Al verse rodeado de tanta gente, Jesús
mandó a sus discípulos que cruzaran a la otra orilla.
Entonces se aproximó un escriba y le dijo:
«Maestro, te seguiré adonde vayas».
Jesús le respondió: «Los zorros tienen sus
cuevas y las aves del cielo sus nidos; pero el Hijo del hombre no tiene dónde
reclinar la cabeza».
Otro de sus discípulos le dijo: «Señor,
permíteme que vaya antes a enterrar a mi padre».
Pero Jesús le respondió: «Sígueme, y deja
que los muertos entierren a sus muertos».
Después Jesús subió a la barca y sus
discípulos lo siguieron.
De pronto se desató en el mar una tormenta
tan grande, que las olas cubrían la barca. Mientras tanto, Jesús dormía.

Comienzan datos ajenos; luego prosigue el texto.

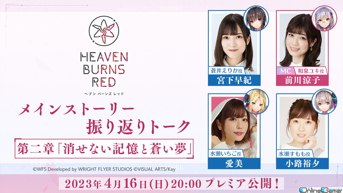 あわせて、出演声優陣による振り返りトーク番組が4月16日20時よりプレミア公開される。メインストーリー第二章「消せない記憶と蒼い夢」の魅力や、収録時のエピソードといった内容が紹介されるとのことなので、お見逃しなく。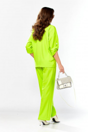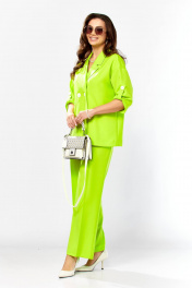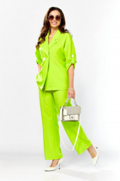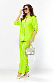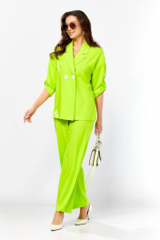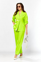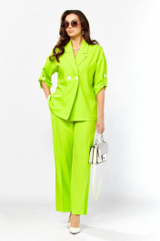 Очень стильный ,элегантный ,модный женский комплект . Состоит их брюк палаццо и жакета прямого силуэта , со спущенной проймой ,что придает свободу движению и комфорта при носке. Интересный дизайн жакета , двубортный с одним рядом крупных пуговиц контрастного цвета. Рукав на пате с пуговицей контрастного цвета меньшего размера. При желании рукав можно удлинить ,расстегнув пуговицу. Длина жакета по спинке от плеча — 70,5 см Брюки палаццо прямые с функциональными карманами ,сзади на резинке. Длина брюк -101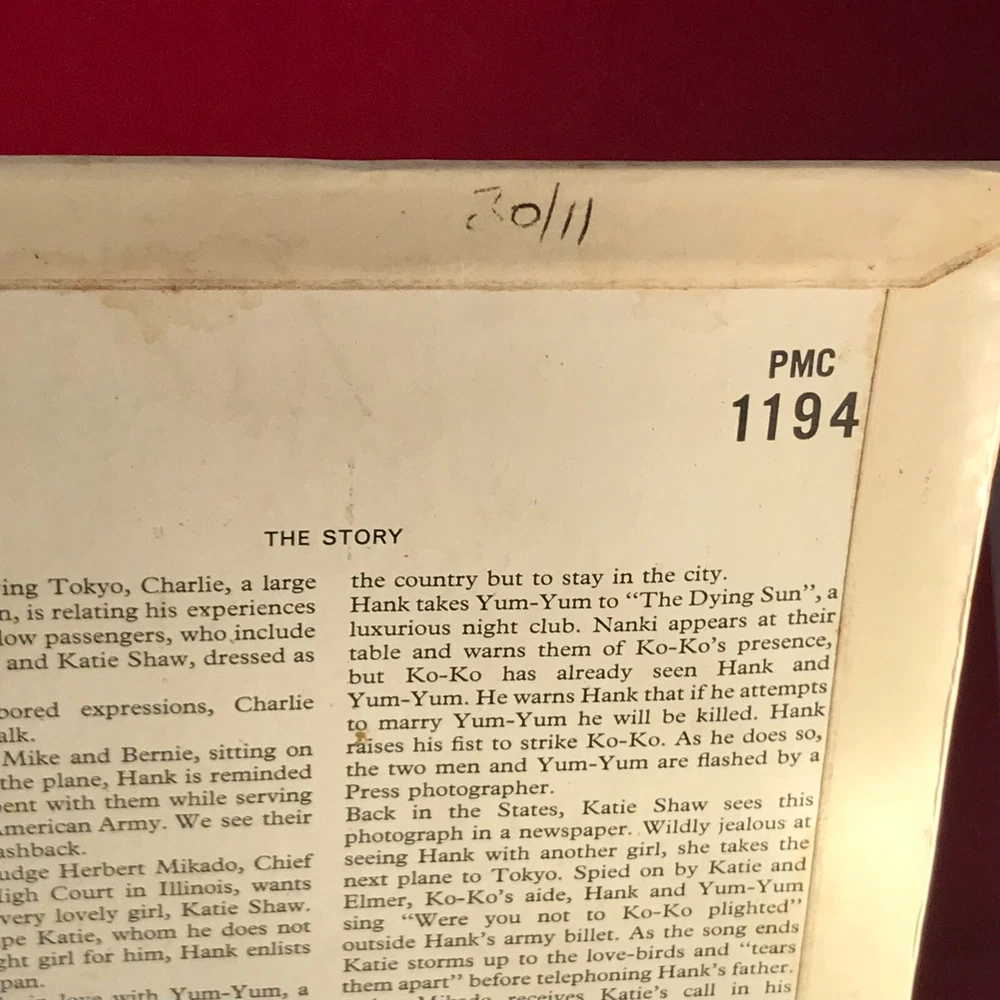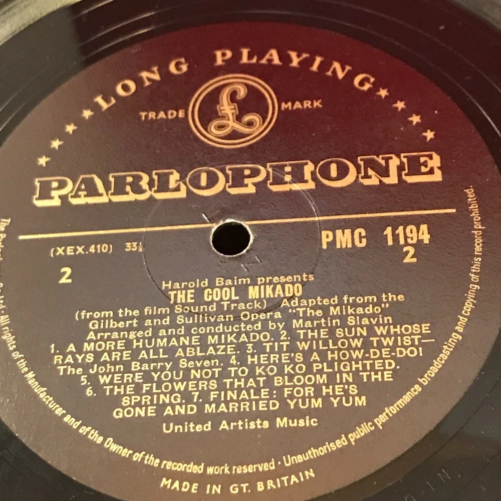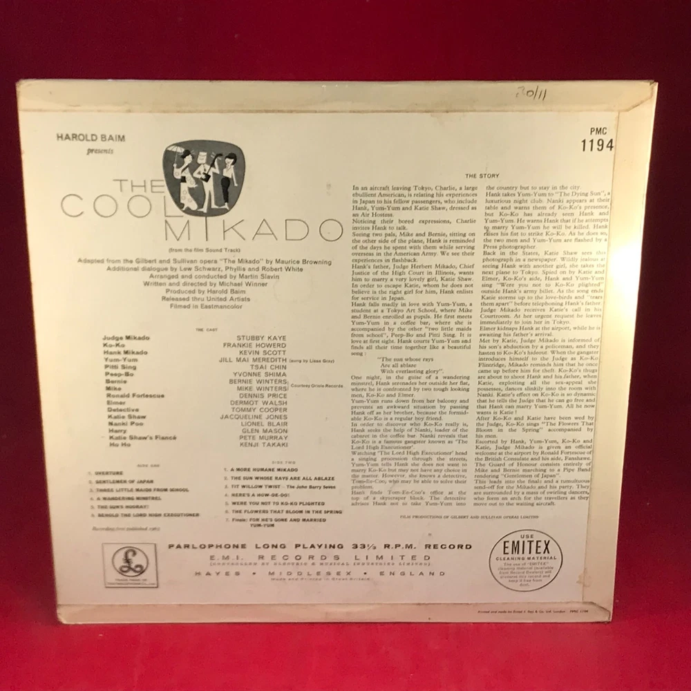 ORIGINAL SOUNDTRACK The Cool Mikado - 1963 UK mono vinyl LP, featuring music taken from the soundtrack of the film starring Stubby Kaye & Frankie Howerd. In a front laminated flipback picture sleeve. PMC1194 01. Cool Mikado Overture 02. Gentlemen Of Japan 03. Three Little Maids From School 04. A Wandering Minstrel 05. The Sun's Hooray 06. Behold The Lord High Executioner 07. A More Humane Mikado 08. The Sun Whos Rays Are All Ablaze 09. Tit Willow Twist 10. Here's A How-De-Do! 11. Were You Not Too Koko Plighted 12. The Flowers That Bloom In The Spring 13. Finale - For He's Gone And Married Yum-Yum Record Condition : Excellent Sleeve : Minor shelfwear (see photo) Please check out our other items

Acercándose a él, sus discípulos lo
despertaron, diciéndole: «¡Sálvanos, Señor, nos hundimos!».
El les respondió: «¿Por qué
tienen miedo, hombres de poca fe?». Y levantándose, increpó al viento y
al mar, y sobrevino una gran calma.
Los hombres se decían
entonces, llenos de admiración: «¿Quién es este, que hasta el viento y el mar
le obedecen?».
Cuando Jesús llegó a la otra
orilla, a la región de los gadarenos, fueron a su encuentro dos endemoniados
que salían de los sepulcros. Eran tan feroces, que nadie podía pasar por ese
camino.
Y comenzaron a gritar: «¿Que
quieres de nosotros, Hijo de Dios? ¿Has venido aquí para atormentarnos antes de
tiempo?»
A cierta distancia había una gran piara de
cerdos paciendo.
Los demonios suplicaron a Jesús: «Si vas a
expulsarnos, envíanos a esa piara».
El les dijo: «Vayan». Ellos
salieron y entraron en los cerdos: estos se precipitaron al mar desde lo alto
del acantilado, y se ahogaron.
Los cuidadores huyeron y fueron a la
ciudad para llevar la noticia de todo lo que había sucedido con los
endemoniados.
Toda la ciudad salió al encuentro de
Jesús y, al verlo, le rogaron que se fuera de su territorio.